● Exercise requirements: Transcribe every entry that follows, word for word, and omit the images.

● Information shown:
────

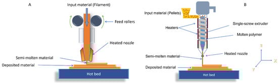 Diagrams showing 3D printing techniques with (A): the FFF principle and (B): the DPAM principle as a representation of the conventional single-screw extruder (SSE) system.
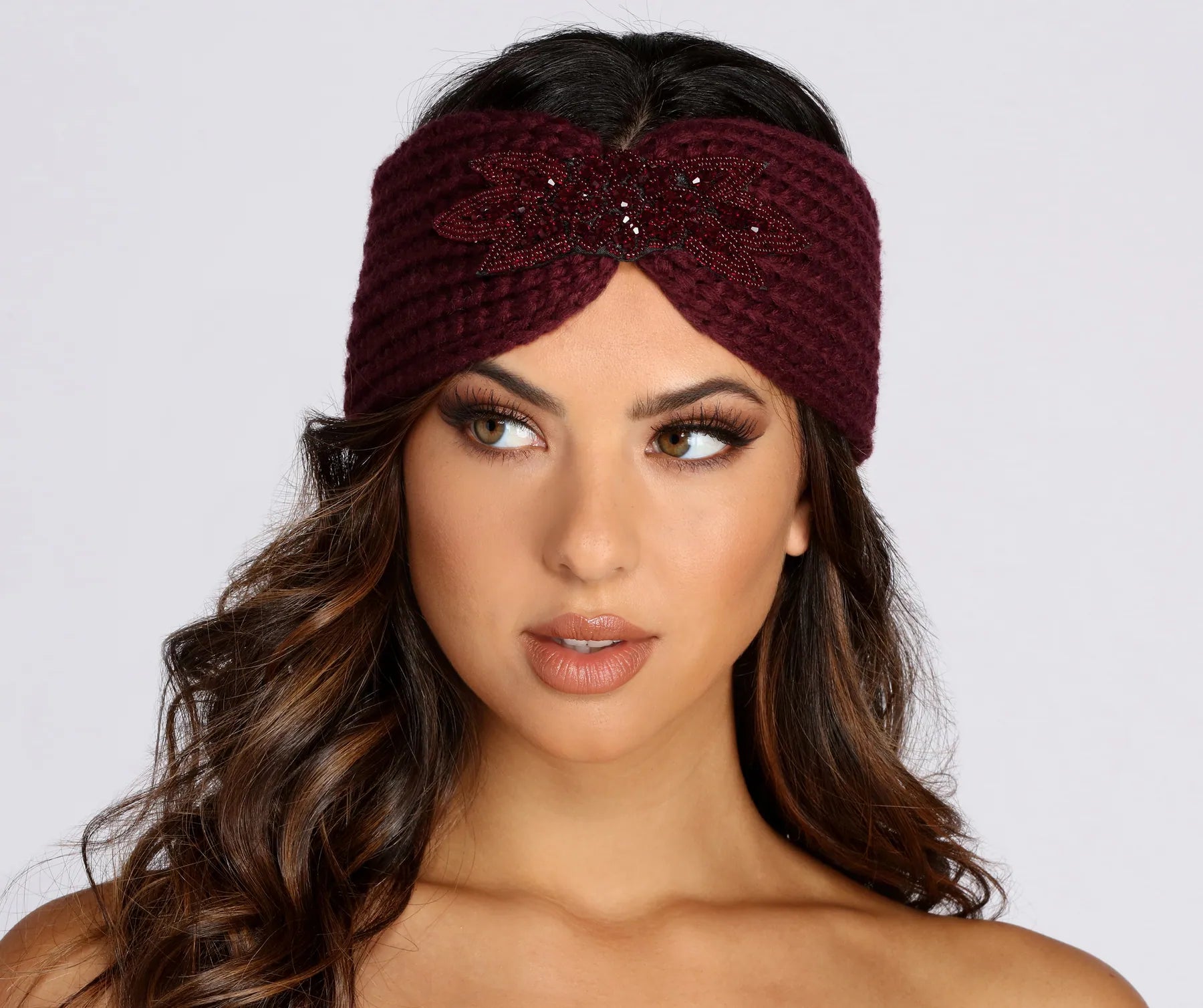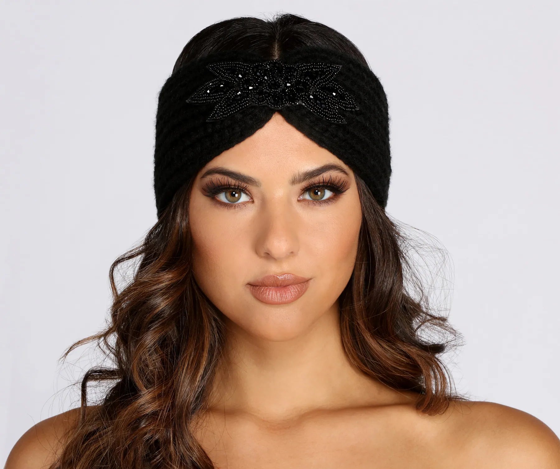 Wrap your tresses with this sparkling head wrap! It features a crochet knit material and a floral petal design with beaded embellishments for dazzling shine!
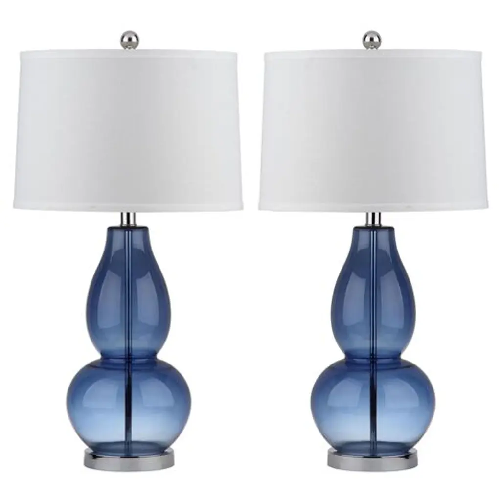 S/2 S/2 Adele Gourd Table Lamps, Deep Blue Glass
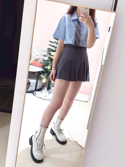 後來發現學院風真的超好搞,隨便抓件襯衫+百褶裙,再搭條領帶就瞬間搞定!
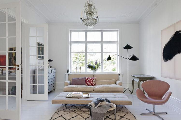 Para crear interiores de apartamentos en un estilo moderno (vea la foto a continuación), use colores claros. Con ellos, será bastante fácil cambiar el estilo y el estado de ánimo de la habitación.
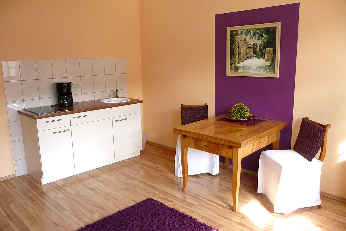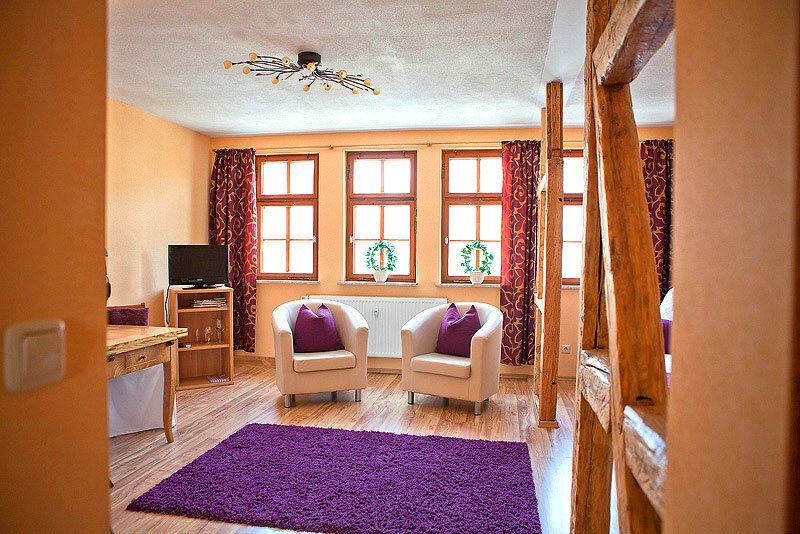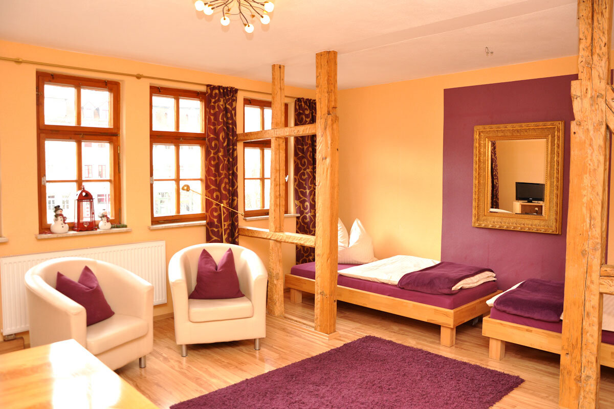 Ihre im ersten Obergeschoss liegende Ferienwohnung befindet sich in einem der ältesten Häuser im Herzen Apoldas, welches nach umfangreichen Sanierungsarbeiten in neuer Schönheit erstrahlt. Von hier genießen Sie einen schönen Blick auf das historische Rathaus Apoldas und das Marktgeschehen.
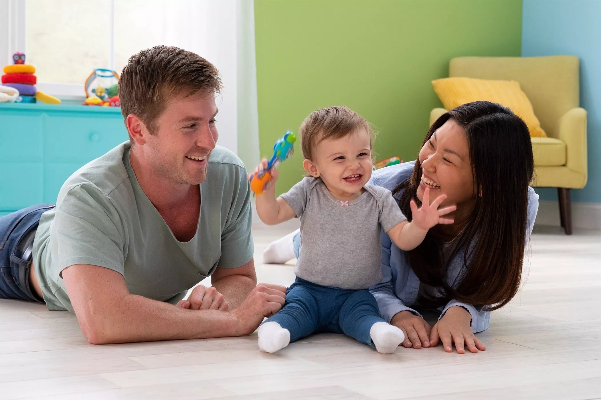 Spalvingas barškutis „Vėžlys ir sraigė“ (mėlynas-oranžinis)
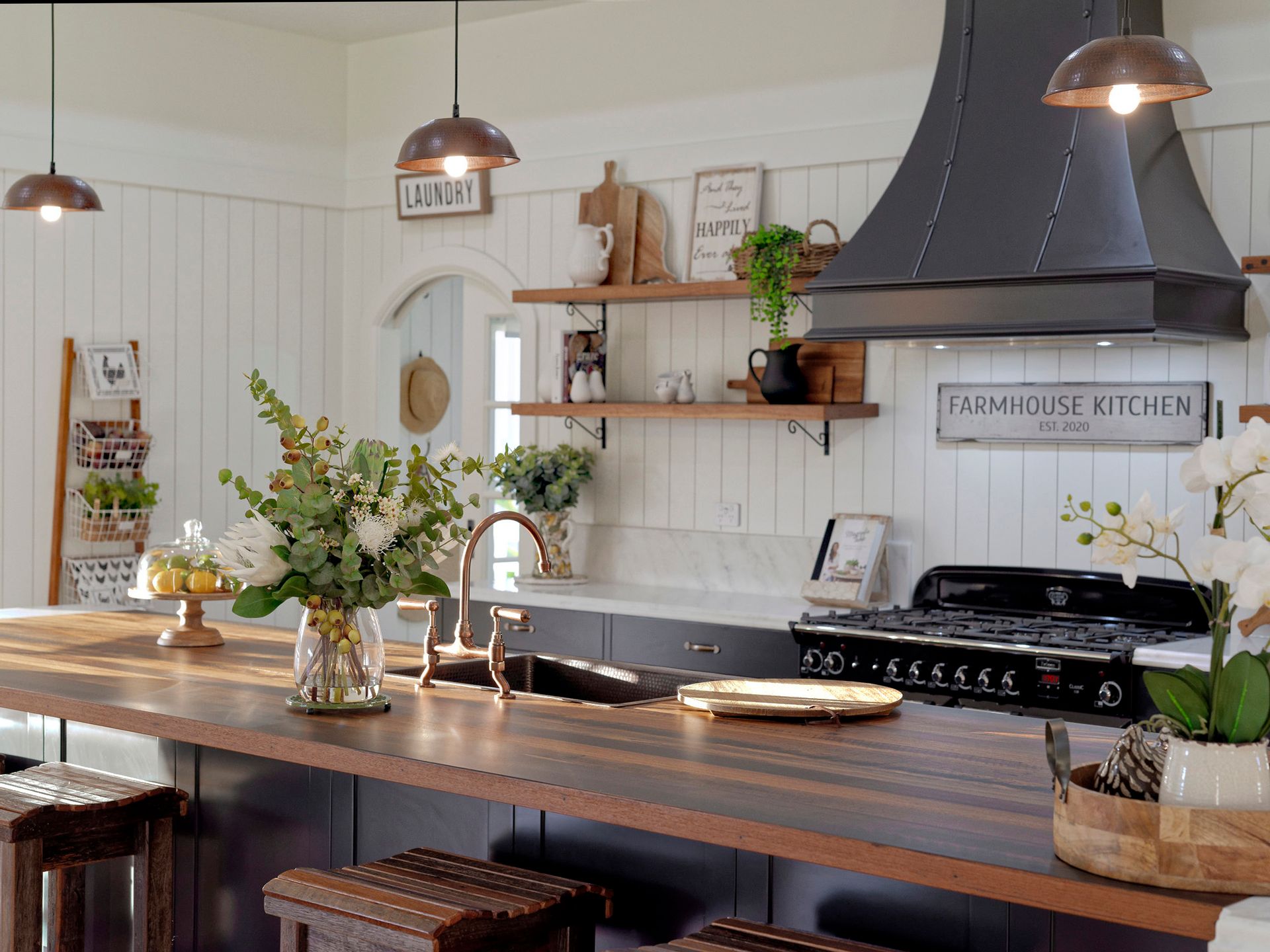 The kitchen is just incredible, winner of best kitchen in Queensland Master Builders awards of the year 2021, it features solid recycled hardwood bench top, copper sink and tapware, one off custom exhaust canopy range hood over the free-standing country style, top of the range gas cook top and electric ovens. Solid surface bench tops, 2 pack custom cabinetry with soft close draws, integrated dishwasher and microwave convection oven, the list goes on. Additional full butlers' kitchen with solid surface bench tops and more.
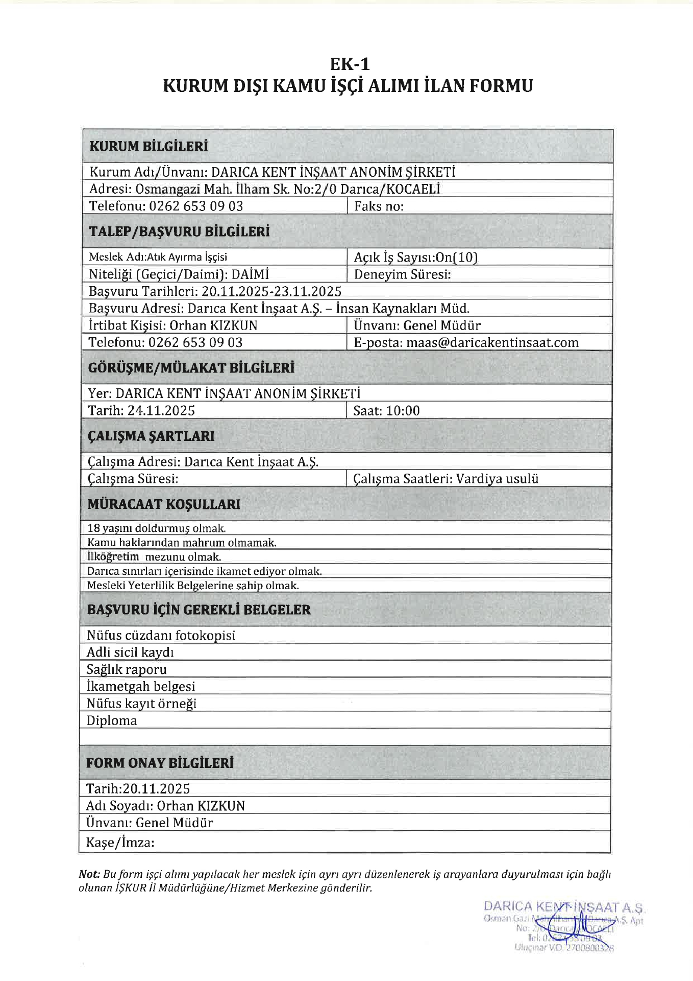 Ana sayfaDaimi İşçi İlanları Kocaeli Darıca Kent İnşaat 10 İşçi Alacak Kocaeli Darıca Kent İnşaat 10 İşçi Alacak. Son başvuru tarihi 23 Kasım 2025 Kaynak : İşkur İlan Giriş : 20 Kasım 2025 22:59, Son Güncelleme : 20 Kasım 2025 23:48 Yazdır Yorumlar (0) Abone Ol
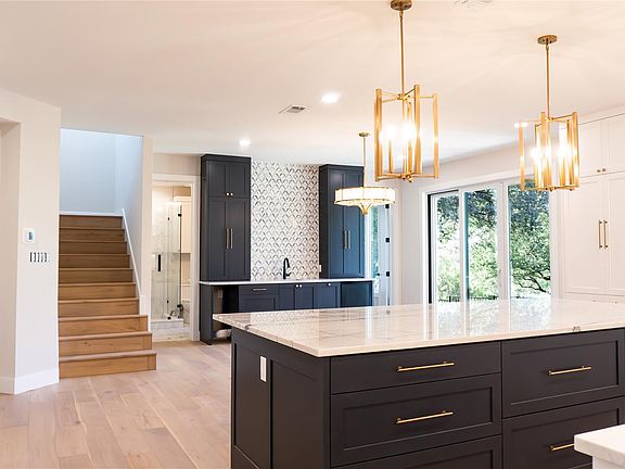 Welcome to this stunning, completely remodeled home in Vineyard Bay! More photos to come... The five-bedroom, five-bathroom residence, renovated in 2025, perfectly blends elegance with functionality. The first floor features three suites, with two additional suites located upstairs. European white oak flooring extends throughout the home, creating a seamless, carpet-free environment. The gourmet kitchen is a chef's dream, offering custom cabinetry, White Lux quartzite countertops, a 48" range, a built-in refrigerator, and a spacious center island. The laundry room is equally well-appointed with an LG SmartStack washer/dryer, an LG refrigerator, and custom cabinetry. The living and dining room combination is highlighted by a full masonry fireplace, soaring ceilings, crystal chandeliers, and Pella Lifestyle windows. The primary suite includes a beautiful fireplace and custom built-in cabinetry, while its luxurious bathroom boasts a 6' freestanding soaking tub, a walk-in shower, dual vanities, and an expansive custom closet. The two secondary bedroom suites on the main floor each feature marble inlay flooring, walk-in showers, and custom cabinetry. Designed for entertaining, the expansive covered patio includes a built-in kitchen with a barbecue pit, sink, and storage. Situated on 0.87 acres, this home offers exclusive access to Vineyard Bay's private marina, pickleball courts, tennis courts, walking trails, a clubhouse, and a resort-style pool. Zoned to the top-rated Lake Travis ISD, this estate truly offers a perfect blend of luxury and an active lifestyle. Don't miss this opportunity to own a move-in-ready, meticulously designed home in one of Austin's most desirable luxury communities!
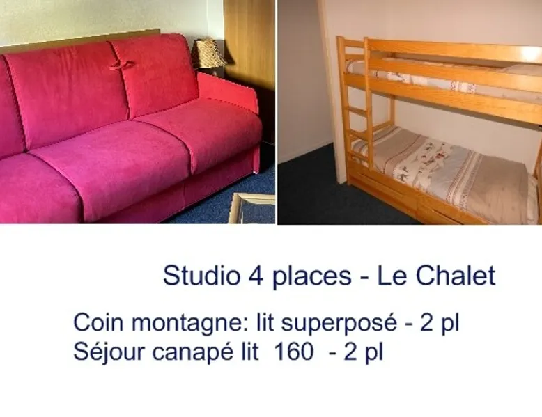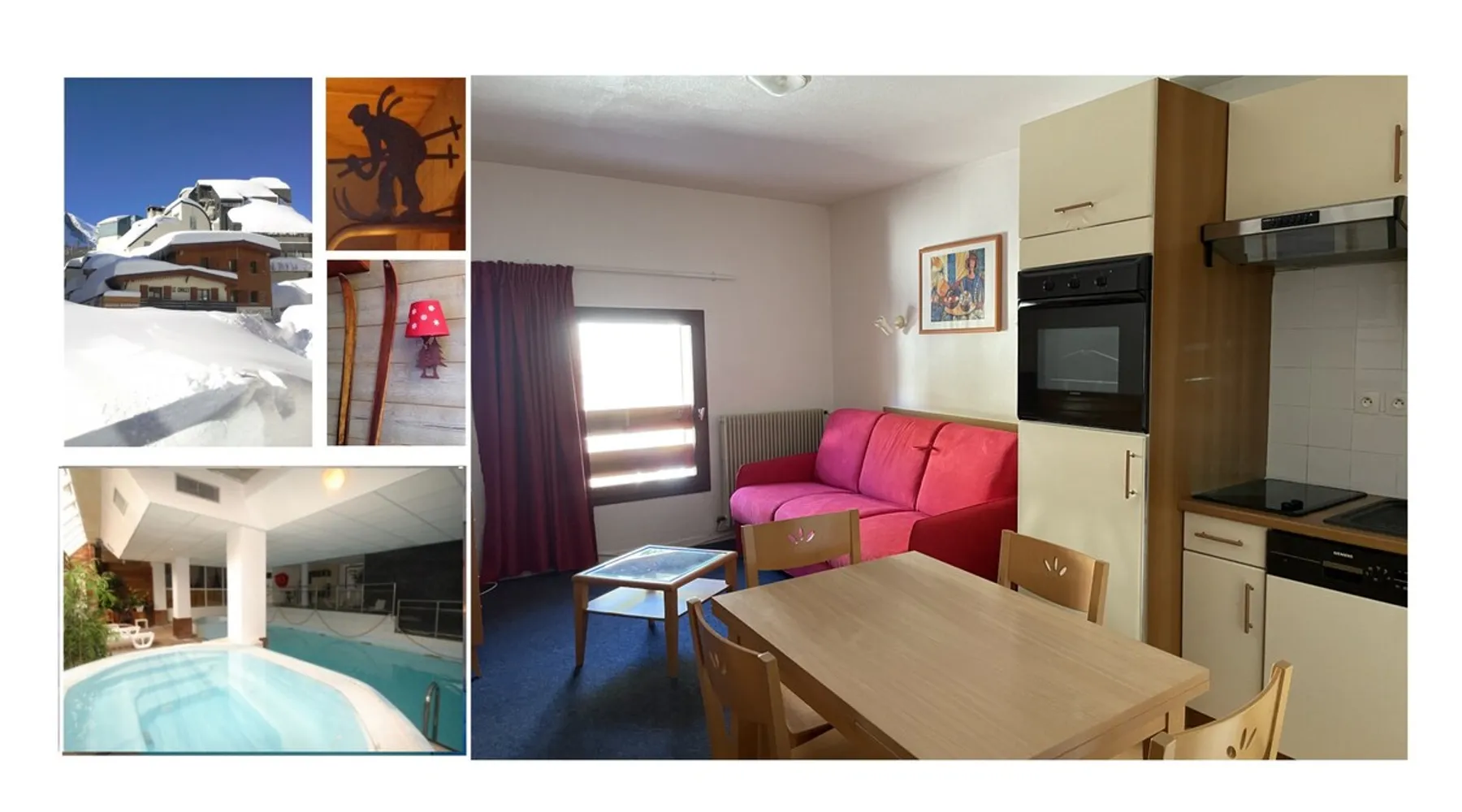 This accommodation is managed by a local estate agency and marketed by maeva, a specialist in seasonal rentals for over 20 years. Res Le Chalet n°14 resort plan, of good standing, 150m from the slopes. Elevator, fireplace bar restaurant, indoor swimming pool, whirlpool bath, sauna, gym. Shops 100m away. WIFI access depending on coverage. Equipped and furnished studio for 4 people,... The space Rés Le Chalet n°14 resort plan, good standing, 150m from the slopes. Elevator, bar restaurant fireplace, indoor swimming pool, whirlpool bath, sauna, gym. Shops 100m away. WIFI access depending on coverage. Equipped and furnished studio for 4 people, 2nd floor, resort view, 29m², north-east exposure, ski locker, central heating. Entrance with mountain corner 2 bunk beds, bathroom with shower, sink, WC, hair dryer. Living room with double sofa bed, TV. Kitchen: 2-burner ceramic hob, oven, fridge, dishwasher, microwave, electric coffee maker, toaster, food processor. NON-SMOKING. SHEETS PROVIDED. The sports facilities (swimming pool, whirlpool, sauna and gym) are open in winter from the Christmas holidays until the resort closes, in summer from 01/07 to 15/09. Extra charge: tourist tax. Pets accepted and payable. Optional: CATERING packages (breakfast, dinner, half-board), bathroom linen, daily and departure cleaning, early arrival. Winter: SKILOC equipment rental, SKIPASS ski lifts. Other things to note You will receive a voucher with all the information you need to hand over the keys once the reservation is made. Star rating Internet access Pets Allowed: extra charge Coffee Maker Ski locker Oven Microwave Dishwasher Number of bedrooms Number of rooms: 1 Number of toilets: 1 Number Bathroom Shared swimming pool Baking sheet, Fridge Area (m²): 29 Television, Security deposit (in euros): 250 Hot tub Dishes and silverware: 1 Hot tub

────

● Response to the task:
 Diagrams showing 3D printing techniques with (A): the FFF principle and (B): the DPAM principle as a representation of the conventional single-screw extruder (SSE) system.
 Wrap your tresses with this sparkling head wrap! It features a crochet knit material and a floral petal design with beaded embellishments for dazzling shine!
 S/2 S/2 Adele Gourd Table Lamps, Deep Blue Glass
 後來發現學院風真的超好搞,隨便抓件襯衫+百褶裙,再搭條領帶就瞬間搞定!
 Para crear interiores de apartamentos en un estilo moderno (vea la foto a continuación), use colores claros. Con ellos, será bastante fácil cambiar el estilo y el estado de ánimo de la habitación.
 Ihre im ersten Obergeschoss liegende Ferienwohnung befindet sich in einem der ältesten Häuser im Herzen Apoldas, welches nach umfangreichen Sanierungsarbeiten in neuer Schönheit erstrahlt. Von hier genießen Sie einen schönen Blick auf das historische Rathaus Apoldas und das Marktgeschehen.
 Spalvingas barškutis „Vėžlys ir sraigė“ (mėlynas-oranžinis)
 The kitchen is just incredible, winner of best kitchen in Queensland Master Builders awards of the year 2021, it features solid recycled hardwood bench top, copper sink and tapware, one off custom exhaust canopy range hood over the free-standing country style, top of the range gas cook top and electric ovens. Solid surface bench tops, 2 pack custom cabinetry with soft close draws, integrated dishwasher and microwave convection oven, the list goes on. Additional full butlers' kitchen with solid surface bench tops and more.
 Ana sayfaDaimi İşçi İlanları Kocaeli Darıca Kent İnşaat 10 İşçi Alacak Kocaeli Darıca Kent İnşaat 10 İşçi Alacak. Son başvuru tarihi 23 Kasım 2025 Kaynak : İşkur İlan Giriş : 20 Kasım 2025 22:59, Son Güncelleme : 20 Kasım 2025 23:48 Yazdır Yorumlar (0) Abone Ol
 Welcome to this stunning, completely remodeled home in Vineyard Bay! More photos to come... The five-bedroom, five-bathroom residence, renovated in 2025, perfectly blends elegance with functionality. The first floor features three suites, with two additional suites located upstairs. European white oak flooring extends throughout the home, creating a seamless, carpet-free environment. The gourmet kitchen is a chef's dream, offering custom cabinetry, White Lux quartzite countertops, a 48" range, a built-in refrigerator, and a spacious center island. The laundry room is equally well-appointed with an LG SmartStack washer/dryer, an LG refrigerator, and custom cabinetry. The living and dining room combination is highlighted by a full masonry fireplace, soaring ceilings, crystal chandeliers, and Pella Lifestyle windows. The primary suite includes a beautiful fireplace and custom built-in cabinetry, while its luxurious bathroom boasts a 6' freestanding soaking tub, a walk-in shower, dual vanities, and an expansive custom closet. The two secondary bedroom suites on the main floor each feature marble inlay flooring, walk-in showers, and custom cabinetry. Designed for entertaining, the expansive covered patio includes a built-in kitchen with a barbecue pit, sink, and storage. Situated on 0.87 acres, this home offers exclusive access to Vineyard Bay's private marina, pickleball courts, tennis courts, walking trails, a clubhouse, and a resort-style pool. Zoned to the top-rated Lake Travis ISD, this estate truly offers a perfect blend of luxury and an active lifestyle. Don't miss this opportunity to own a move-in-ready, meticulously designed home in one of Austin's most desirable luxury communities!
 This accommodation is managed by a local estate agency and marketed by maeva, a specialist in seasonal rentals for over 20 years. Res Le Chalet n°14 resort plan, of good standing, 150m from the slopes. Elevator, fireplace bar restaurant, indoor swimming pool, whirlpool bath, sauna, gym. Shops 100m away. WIFI access depending on coverage. Equipped and furnished studio for 4 people,... The space Rés Le Chalet n°14 resort plan, good standing, 150m from the slopes. Elevator, bar restaurant fireplace, indoor swimming pool, whirlpool bath, sauna, gym. Shops 100m away. WIFI access depending on coverage. Equipped and furnished studio for 4 people, 2nd floor, resort view, 29m², north-east exposure, ski locker, central heating. Entrance with mountain corner 2 bunk beds, bathroom with shower, sink, WC, hair dryer. Living room with double sofa bed, TV. Kitchen: 2-burner ceramic hob, oven, fridge, dishwasher, microwave, electric coffee maker, toaster, food processor. NON-SMOKING. SHEETS PROVIDED. The sports facilities (swimming pool, whirlpool, sauna and gym) are open in winter from the Christmas holidays until the resort closes, in summer from 01/07 to 15/09. Extra charge: tourist tax. Pets accepted and payable. Optional: CATERING packages (breakfast, dinner, half-board), bathroom linen, daily and departure cleaning, early arrival. Winter: SKILOC equipment rental, SKIPASS ski lifts. Other things to note You will receive a voucher with all the information you need to hand over the keys once the reservation is made. Star rating Internet access Pets Allowed: extra charge Coffee Maker Ski locker Oven Microwave Dishwasher Number of bedrooms Number of rooms: 1 Number of toilets: 1 Number Bathroom Shared swimming pool Baking sheet, Fridge Area (m²): 29 Television, Security deposit (in euros): 250 Hot tub Dishes and silverware: 1 Hot tub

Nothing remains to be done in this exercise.